[Problem description]: Begin at the line below that holds "A close-up, high-angle" and end at the line that holds "The main screen", transcribing each line exactly and skipping any picture.

[Source data]:

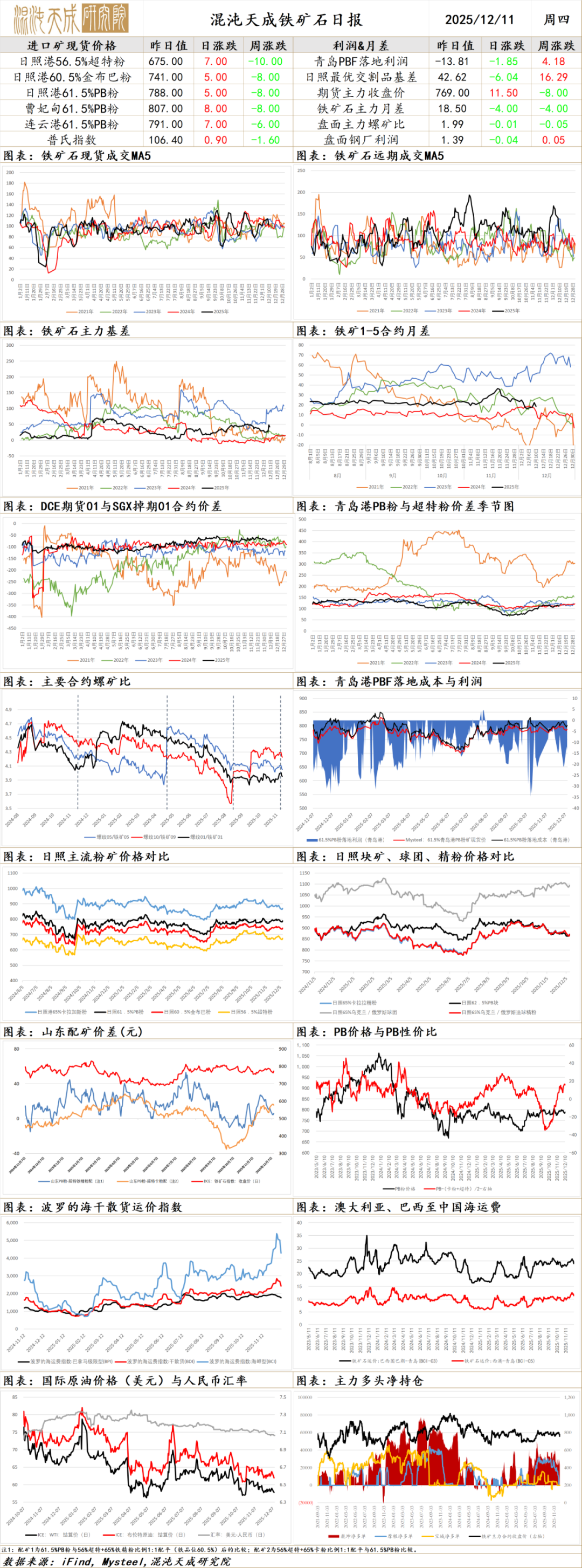 需求端,SMM最新调研显示本周高炉检修继续增加,铁水产量延续下降。上周钢联高炉开工率继续小幅减少,日均铁水降幅扩大2.38万吨至232.3万吨,同期钢厂盈利率略有回升至36.36%。此外,钢厂铁矿库存也有小幅增加,因进口矿日耗大幅下降,钢厂进口矿库销比略有回升。随着年末钢厂检修增多,对铁矿仍将维持按需采购。昨日铁矿港口现货及远期美元货成交均有回落,目前PB粉落地亏损小幅扩大,显示国外需求仍强于国内。
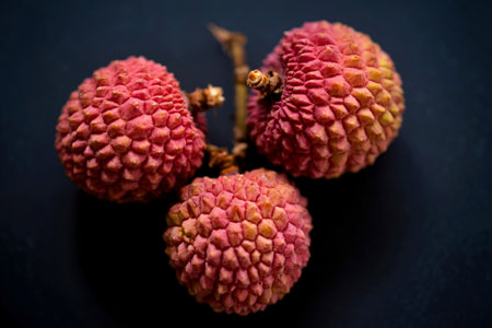 A close-up, high-angle shot showcases three vibrant, pinkish-red lychee fruits clustered together on a thin stem against a dark, matte background.
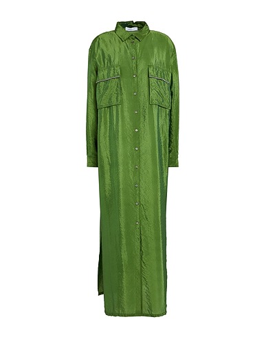 shirt dress, satin, hammered, plain colour with appliqués, embellished, classic collar, long sleeves, buttoned cuffs, button fastenings, two chest pockets, side splits, hand wash or dry clean, do not bleach, tumble dry
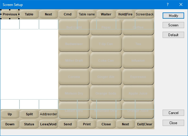 The main screen layouts are the backbone of the POS workstation display. They contain essential command keys such as Print, Close, etc, and may also contain quick links to custom command lists and preferential screens.
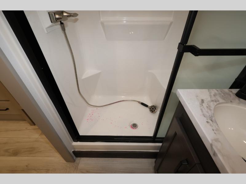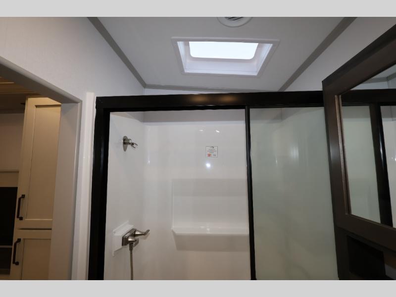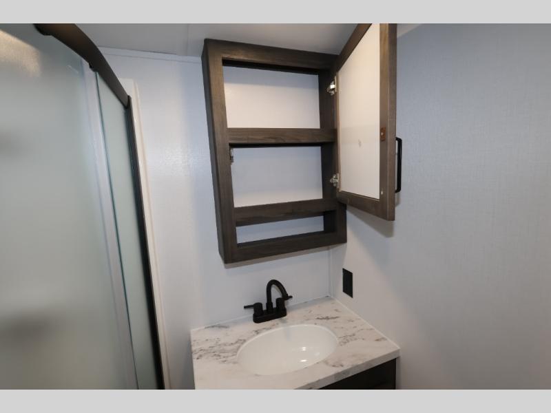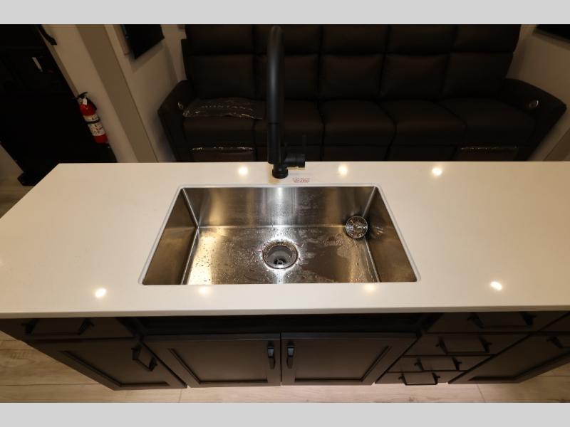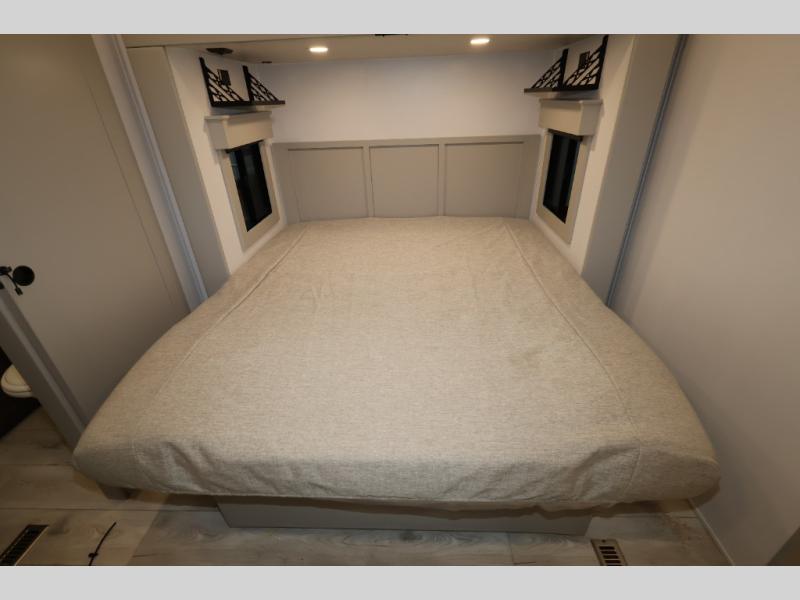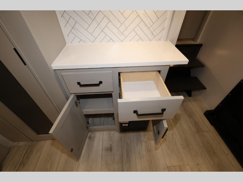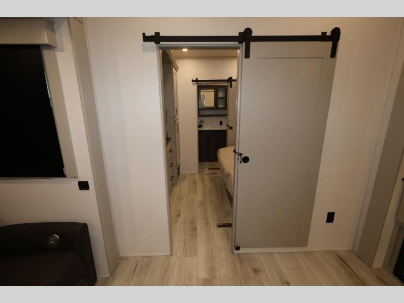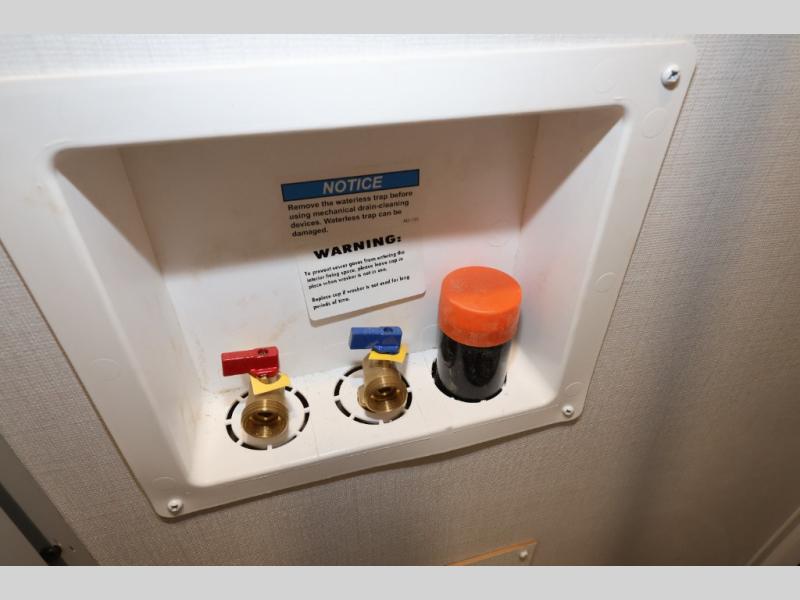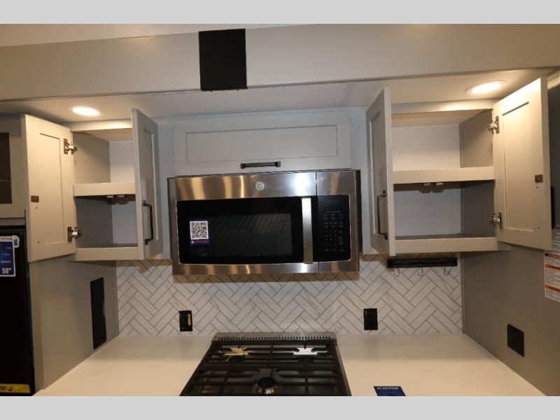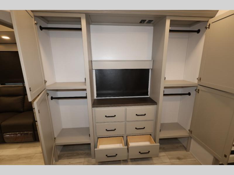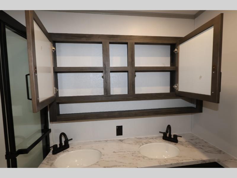 You'll love every minute spent in this spacious fifth wheel! It's perfect to camp with a larger group since there are bunk beds in the front bunkhouse suite plus a second suite in the back. The bunkhouse also includes two desks with chairs and storage drawers, a full bath, plus washer and dryer prep if you plan to go full-time. The rear suite features a king bed slide, two closets, a bedroom countertop plus a full rear bath with dual bath sinks; how convenient! Everyone will love to meet in the combined kitchen and living area in the morning. Here, you'll find two large opposing slides for tons of space, a large sofa and kitchen island, plus three pantries for all the snacks, canned goods, and paper products!

[Result of the task]:
 A close-up, high-angle shot showcases three vibrant, pinkish-red lychee fruits clustered together on a thin stem against a dark, matte background.
 shirt dress, satin, hammered, plain colour with appliqués, embellished, classic collar, long sleeves, buttoned cuffs, button fastenings, two chest pockets, side splits, hand wash or dry clean, do not bleach, tumble dry
 The main screen layouts are the backbone of the POS workstation display. They contain essential command keys such as Print, Close, etc, and may also contain quick links to custom command lists and preferential screens.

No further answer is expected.